My big pet peeve is AWS adding buttons in the UI to make "folders".
It is also a fiction! There are no folders in S3.
When you create a folder in Amazon S3, S3 creates a 0-byte object with a key that's set to the folder name that you provided. For example, if you create a folder named photos in your bucket, the Amazon S3 console creates a 0-byte object with the key photos/. The console creates this object to support the idea of folders.
https://docs.aws.amazon.com/AmazonS3/latest/userguide/using-...
Is that really so different from how folders work on other systems? A directory inode is just an inode.
Yes. It is, in practice, incredibly different.
Imagine you have a file named /some/dir/file.jpg.
In a filesystem, there’s an inode for /some. It contains an entry for /some/dir, which is also an inode, and then in the very deepest level, there is an inode for /some/dir/file.jpg. You can rename /some to /something_else if you want. Think of it kind of like a table:
In S3 (and other object stores), the table is like this: The kind of queries you can do is completely different. There are no inodes in S3. There is just a mapping from keys to objects. There’s an index on these keys, so you can do queries—but the / character is NOT SPECIAL and does not actually have any significance to the S3 storage system and API. The / character only has significance in the UI.You can, if you want, use a completely different character to separate “components” in S3, rather than using /, because / is not special. If you want something like “some:dir:file.jpg” or “some.dir.file.jpg” you can do that. Again, because / is not special.

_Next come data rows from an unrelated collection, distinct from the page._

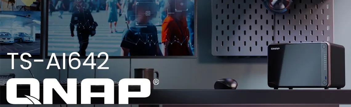TS-AI642 da Qnap é um storage NAS de 6 baias para discos SATA, hot swappable, processador ARM Cortex 8-core, 8GB de memória RAM, 3x portas LAN, 4x entradas USB, 2x saídas HDMI e 1x slot PCIe. Servidor de armazenamento ideal para backup, proteção de dados por snapshots e nuvem híbrida.
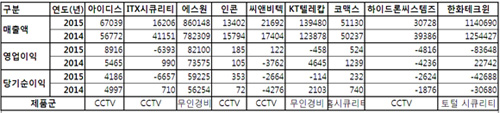 KT텔레캅의 2015년도 상반기 영업이익은 -4억 5,800만원으로 2014년도 같은 기간의 46억 4,500만원보다 109.9% 급락했다. 이 기간 당기순이익은 -1억 1,400만원으로 전년 동기의 21억 300만원보다 105.4% 감소했다. 코맥스, 매출 늘었지만 … 영업익·당기순익은 저조 코맥스의 2015년도 상반기 매출(1.8%↑)을 제외한 영업이익(57.7%↓)과 당기순이익(68.6%↓)은 지난해 같은 기간보다 감소했다. 코맥스의 2015년도 상반기 매출은 511억 3,000만원으로 전년 동기의 502억 3,700만원보다 8억 9,300만원 증가하며 매출폭이 1.8% 상승하는데 그쳤다. 이 기간 영업이익은 5억 2,400만원으로 2014년 상반기의 12억 3,900만원보다 57.7% 하락했다. 같은 기간 당기순이익은 2억 3,200만원을 달성해 전년 동기의 7억 4,000만원보다 68.6% 축소됐다. 하이트론씨스템즈, 영업익·당기순익 모두 마이너스 하이트론씨스템즈의 올해 상반기 실적은 전년 동기 대비 저조했다. 매출은 22% 감소했고, 영업이익(13.7%↓)과 당기순이익(39.9%↓)은 지난해에 이어 모두 적자를 기록했다. 하이트론씨스템즈의 2015년도 상반기 매출은 307억 2,800만원으로 지난해 동기의 393억 8,600만원보다 86억 5,800만원을 덜 벌어들이며 22% 감소했다. 같은 기간 영업이익은 -48억 1,600만원을 기록해 전년 동기의 -42억 3,600만원보다 13.7% 줄었다. 이 기간 당기순이익은 -26억 2,400만원으로 전년 동기의 -18억 7,600만원보다 39.9% 축소됐다. 한화테크윈, 일시적 적자...장기 전망은 맑음 한화테크윈이 사명을 바꿔단 뒤 달성한 첫 실적은 마이너스다. 시장에서는 이를 한화가 삼성테크윈을 인수하면서 생긴 일시적인 적자일 것으로 보고 장기적으로는 실적 개선이 이뤄질 것으로 예측하고 있다. 한화테크윈의 올해 상반기 매출은 1조 1,406억 9,000만원으로 지난해 같은 기간 달성한 1조 2,544억 2,700만원보다 9.1% 감소됐다.
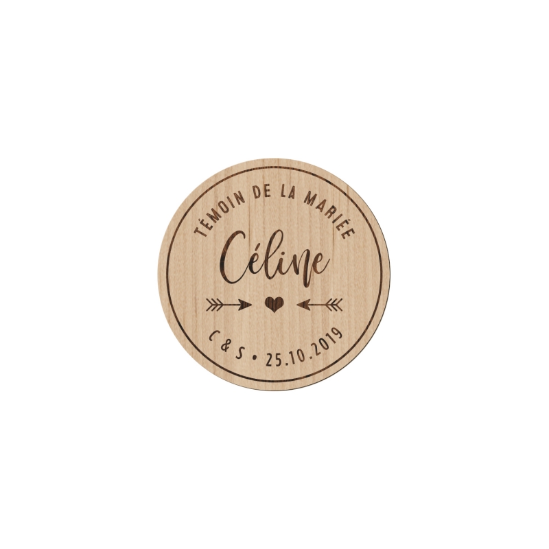 Offrez à vos témoins et à vos proches de jolis badges personnalisés. Finement gravé dans du bois brut, vous pourrez les personnaliser avec un prénom, un "titre" (exemple : Maman de la mariée) et vos initiales et date de mariage en petit. Ainsi, tous vos convives pourront identifier vos témoins ou proches le jour J. C'est également un cadeau original qu'ils garderont précieusement.
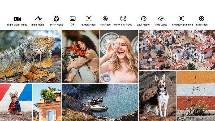 Ulefone Armor 22 получил 120-герцовый 6,58-дюймовый IPS-дисплей с разрешением Full HD+. Сенсор позволяет работать со смартфоном в перчатках. Основная камера двойная, оба датчика по 64 Мп. Один основной, другой — камера ночного видения. Селфи-камера на 8 Мп.
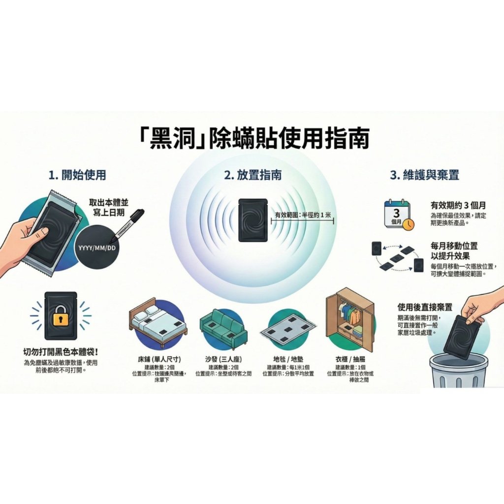 4. 建議用量:每個捕捉貼有效半徑約為 1 公尺。單人床建議放 2 個(頭部與腳部各一);雙人沙發放 1 個,三人沙發放 2 個。

Thank you, now I understand what the special 0-byte object refers to. It represents an empty folder.
Fair enough, basing folders on object names split by / is pretty inefficient. I wonder why they didn't go with a solution like git's trees.
Alas, no. It represents a tag, e.g. «folder/», that points to a zero byte object.
You can then upload two files, e.g. «folder/file1.txt» and «folder/file2.txt», delete the «folder/», being a tag, and still have the «folder/file1.txt» and «folder/file2.txt» file intact in the S3 bucket.
Deleting «folder/» in a traditional file system, on the other hand, will also delete «file1.txt» and «file2.txt» in it.
It's a matter of a client UI implementation. You can't delete a non-empty folder with POSIX API on common filesystems or FTP too.
However, there are file managers, FTP clients, and S3 clients that will do that for you by deleting individual files.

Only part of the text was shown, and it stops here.